На этот раз счет был в мою пользу. Лем не мог сказать в ответ ни слова. Он сразу сжался, будто ненароком сел на ежа. Я был безмерно рад, как, впрочем, и Луи: таким вопросом можно посадить в галошу кого угодно, уж вы мне поверьте! Дело в том, что вот уже несколько веков ученые не могут разгадать, что питает Великое Уединенное море, откуда туда поступает вода в таком невообразимо большом количестве, и невозможность разгадать эту загадку постоянно волнует умы так же, как ученых Земли волнует загадка происхождения соли в морской воде.

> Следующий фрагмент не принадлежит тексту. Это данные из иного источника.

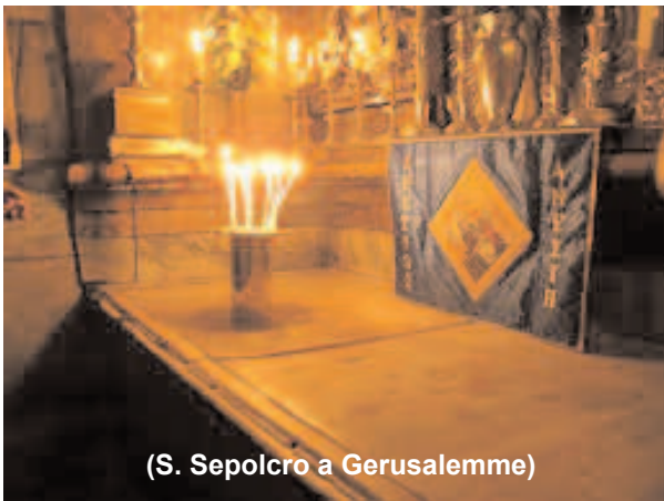
(S. Sepolcro a Gerusalemme)

Miei cari fratelli e sorelle, con gioia ed affetto rivolgo a voi gli auguri di buona e santa Pasqua.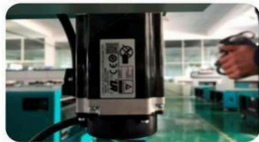
Sistema de movimiento por Motores Japoneses Fuji, de una calidad superior que asegura un funcionamiento y calidad optima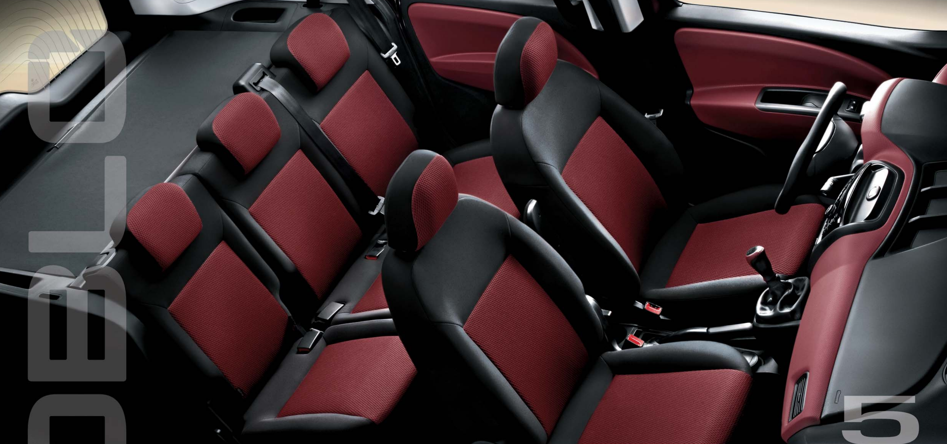
Gran flexibilidad interior, con la posibilidad de 5 a 7 asientos . Máximo espacio con maletero de 790 litros a 3.200 litros con los asientos traseros abatidos.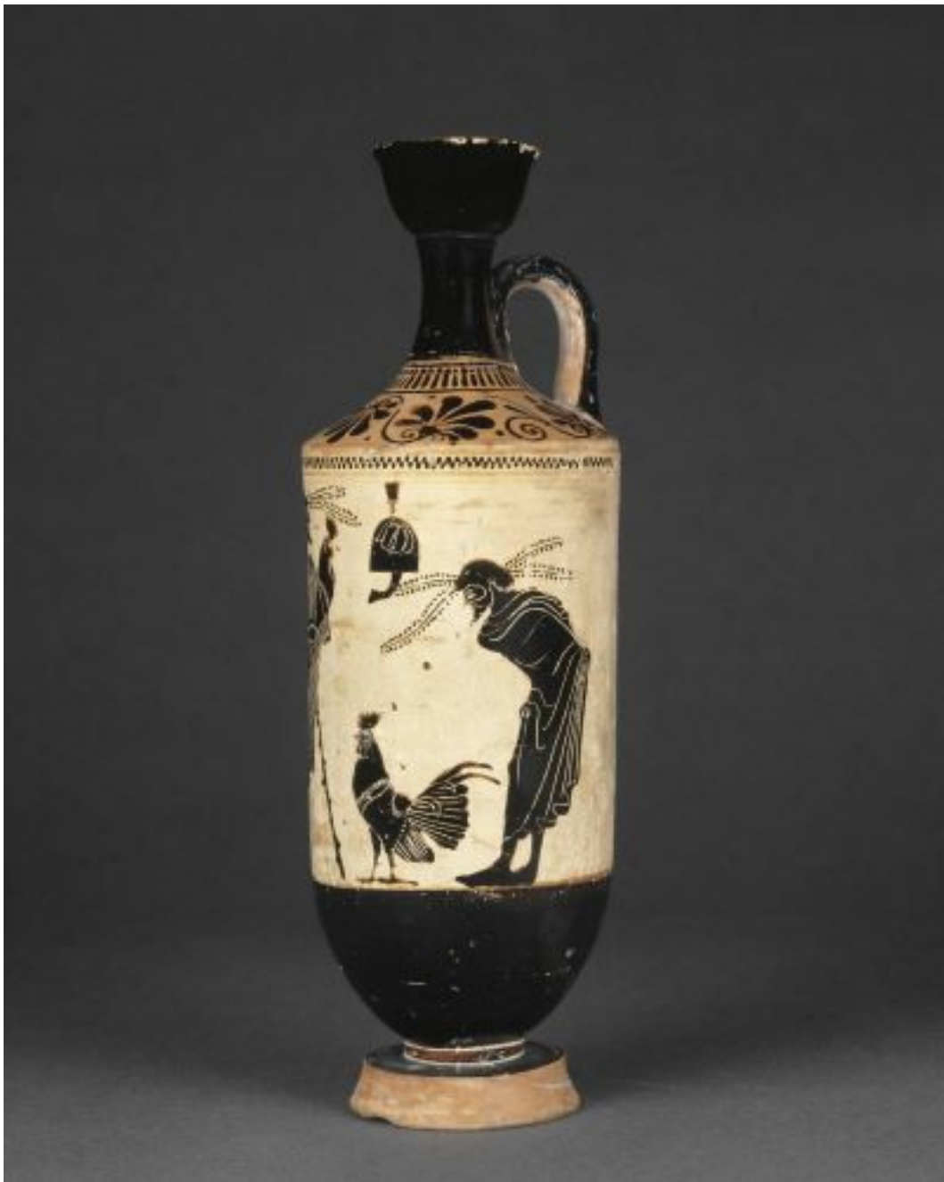
Fig. 4 Preparativi di un combattimento di galli, lecite, Atene, fine del VI secolo a.C. Musée du Louvre, F368.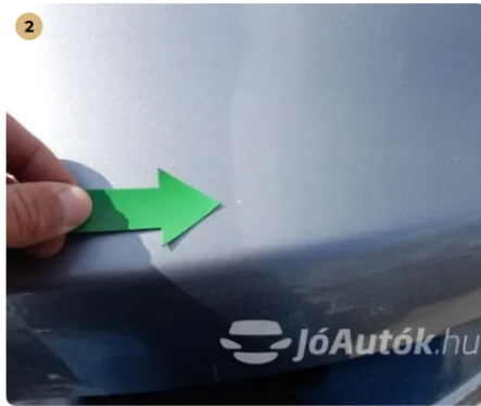
⚠ Kavicsnyom a motorháztetőn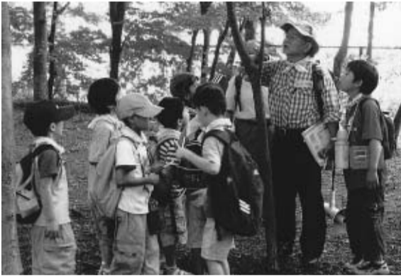
前回の「昆虫を探そう」

日にち 9/17(土) 時間 午前10時～正午 場所 南街公民館 指導者 地域の方々 定員 24名(小学生以上の児童) 申込み 9/2(金)から南街公民館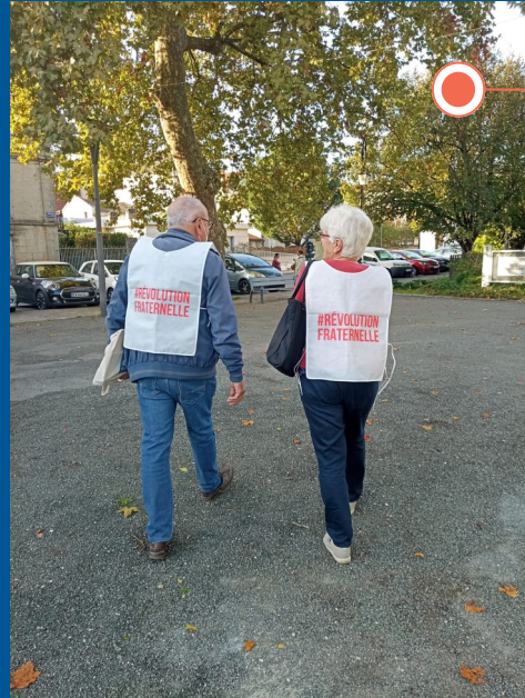
Déploiement de notre action d'écoute et de soutien auprès des personnes sinistrées de l'orage de grêle du Ribéracois.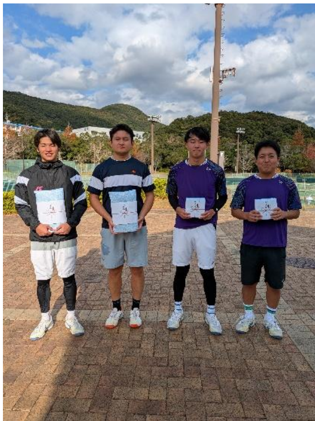
ダブルス一般男子 A 優勝・準優勝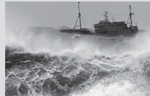
Một tàu cá Trung Quốc chống chọi với sóng to gió lớn khi đang tìm nơi trú ẩn tại một bến cảng ở đảo Jeju hôm 27-8.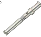
Einzelkontakt (Buchse), VPE 50 Stück Single contact (Female), PU 50 pieces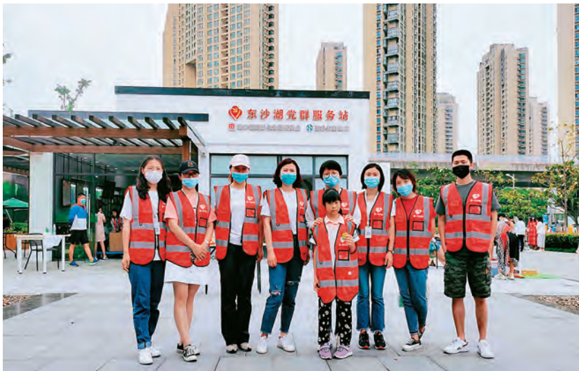
2020年6月20日,东沙湖党群服务站爱心义卖活动举办

文体活动。开展各类文体活动,丰富群众文化生活。配合园区举办广场舞、歌唱器乐大赛、“艺术走近你 艺术进社区”等活动,惠及居民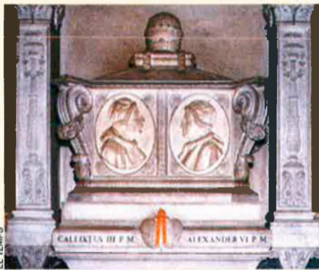
Sepulcre amb les restes de Calixt III i Alexandre VI, a Santa Maria de Montserrat, a Roma.

La presència de dimonis al voltant del cadàver responia a un altre element negatiu difós per diplomàtics venecians coetanis (Girolamo Priuli) que afirmava que Roderic de Borja "havia donat l'ànima i el cos al dimoni" a canvi de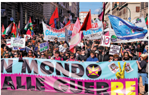
▲意大利民眾3月28日參加示威，抗議美國挑起與伊朗的戰爭。

美國在歐洲駐紮着約8.4萬名士兵，主要分布在德國、意大利、波蘭、英國等地，具體人數會因軍事演習和輪換部署有所變化。暫不清楚哪些國家的美國駐軍會被調走，但近期多個盟國與特朗普發生過衝突。西班牙是唯一一個堅持拒絕將軍費佔GDP比例提升至5%的北約成員國，在美以衝突期間拒絕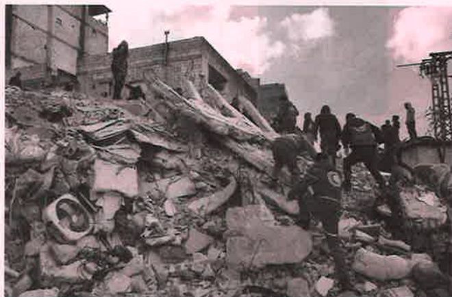
被災地で捜索・救助活動を行うシリア赤新月社スタッフ

Немного погодя Людовик сказал:
– Три пятых поверхности – огромное количество. Если б вся эта вода вышла из берегов, произошла бы катастрофа, памятная всем людям.
– Однажды так и случилось, – сказал я. – Дождь лил сорок дней и сорок ночей, вся суша скрылась под водой на одиннадцать месяцев, даже горы.
Я думал, что сострадание, вызванное гибелью всего живого, всколыхнет их, но нет – у настоящего ученого всегда на первом месте наука, а уж потом всякого рода переживания.
– Почему суша не осталась под водой? – поинтересовался Людовик. – Почему вода ушла?
– Она испарилась.
– Какое количество воды унесло испарением?
– Вода поднялась на шесть миль, и вершины затопленных гор глядели на долины, погруженные в воду на пять миль. Испарилась толща воды в шесть миль.
– А почему не испарилась остальная вода? Что ей помешало испариться?
Я никогда раньше над этим не задумывался, и вопрос застал меня врасплох. Но я не подал и виду, хоть у меня на миг перехватило дыхание и, возможно, промелькнула озабоченность на лице; чтоб не вызвать подозрения, я лихорадочно быстро сочинил ответ:
– Там, – сказал я с ощутимым нажимом на слово «там», – закон испарения распространяется лишь на верхние шесть миль. Ниже этого предела он не действует.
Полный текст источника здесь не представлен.